Bussemaker: beter voorlichten over derivaten
DEN HAAG (ANP) – Hbo- en mbo-scholen moeten veel meer financiële kennis hebben voordat ze ingewikkelde producten zoals derivaten kunnen aanschaffen. Daarom moeten de sectorraden scholen beter gaan voorlichten. Dat schrijft minister Jet Bussemaker van Onderwijs dinsdag in een brief aan de Tweede Kamer.

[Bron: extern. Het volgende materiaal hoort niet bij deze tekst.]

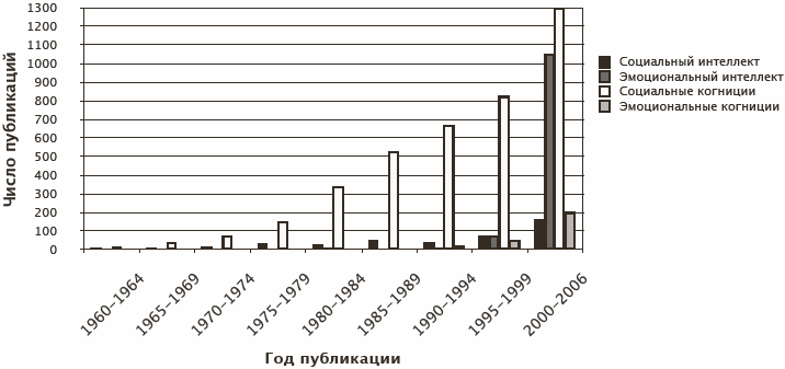 Основное изменение акцентов, отраженное в новой книге, состоит в сдвиге соотношения между работами по социальному интеллекту и эмоциональному интеллекту в пользу последнего. Следует отметить, что тенденция роста интереса к эмоциональному интеллекту в отечественной науке соответствует общемировой тенденции, хотя и с некоторой задержкой. На рисунке 1 показан рост числа публикаций по социальному и эмоциональному интеллекту, а также социальным и эмоциональным когнициям с 1960–2006 гг.

De minister gaat de regels voor het kopen van derivaten door scholen aanscherpen. Dat werd al afgesproken in het regeerakkoord tussen VVD en PvdA. Derivaten zijn risicovolle beleggingsproducten. Instellingen kopen die om zich in te dekken tegen renteschommelingen. Dat blijft toegestaan, maar speculeren voor winst wordt verboden.
De afgelopen tijd kwamen grote mbo-scholen in zwaar weer terecht doordat ze hadden geïnvesteerd in derivaten. Bussemaker wil verdere problemen voorkomen en verwacht van scholen „dat zij verantwoord omgaan met publiek geld dat bestemd is voor onderwijs en daarbij met verstand van zaken opereren”.
Volgens een onderzoek van de Onderwijsinspectie maakt een derde van de onderwijsinstellingen in het mbo, hbo en wetenschappelijk onderwijs gebruik van derivaten. Dat hoeft volgens de inspectie niet automatisch financiële gevolgen te hebben voor een school: zolang de school lening en derivaat aanhoudt, is er niets aan de hand.
Wel kunnen er problemen ontstaan als scholen kiezen voor derivaten met een zogeheten margin call, waarbij een onderpand noodzakelijk is. Er zijn in totaal zes scholen die zo’n regeling hebben.
Ook kan het problematisch zijn als scholen derivaten met open posities hebben. Dat is een derivaat, waarvan de bijbehorende lening niet doorgaat. Drie universiteiten en drie mbo-instellingen hebben zo’n derivaat omdat hun bouwplannen zijn uitgesteld of afgelast. Open posities worden in de nieuwe regels expliciet verboden.
Bussemaker legt in de nieuwe regels verder vast dat banken onderwijsinstellingen moeten zien als niet-professionele beleggers. Dan is de bank verplicht beter voor scholen te zorgen als ze derivaten aankopen.